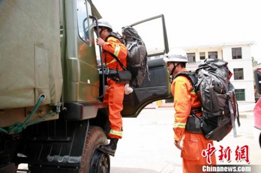 圖為云南公安消防總隊官兵在昆明集結,準備馳援災區。中新社發 曾金華 攝
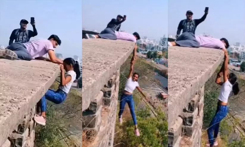 കെട്ടിടത്തിൽ തൂങ്ങി കിടന്ന് റീൽ ചിത്രീകരണം; പെൺകുട്ടിക്കും സുഹൃത്തുക്കൾക്കും എതിരെ കേസ്
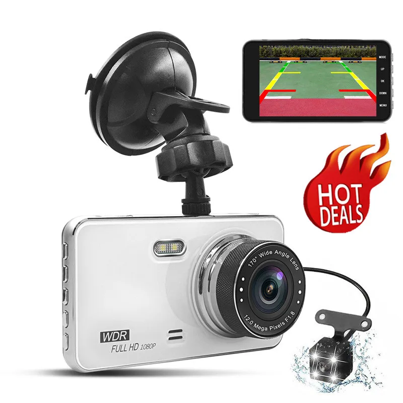 Видеорегистратор Maiyue star 2020, 4 дюйма, HD, с ночным видением, серебристо-белый, двойной объектив, фронтальная и задняя, двойная запись, камера заднего вида

==*==

- **YOUR TASK**: Exclude the pictures from the copy. Retype exactly the lines running from the one containing "കെട്ടിടത്തിൽ തൂങ്ങി കിടന്ന്" through the last line of the listing.

- **EXPECTED ANSWER**:
 കെട്ടിടത്തിൽ തൂങ്ങി കിടന്ന് റീൽ ചിത്രീകരണം; പെൺകുട്ടിക്കും സുഹൃത്തുക്കൾക്കും എതിരെ കേസ്
 Видеорегистратор Maiyue star 2020, 4 дюйма, HD, с ночным видением, серебристо-белый, двойной объектив, фронтальная и задняя, двойная запись, камера заднего вида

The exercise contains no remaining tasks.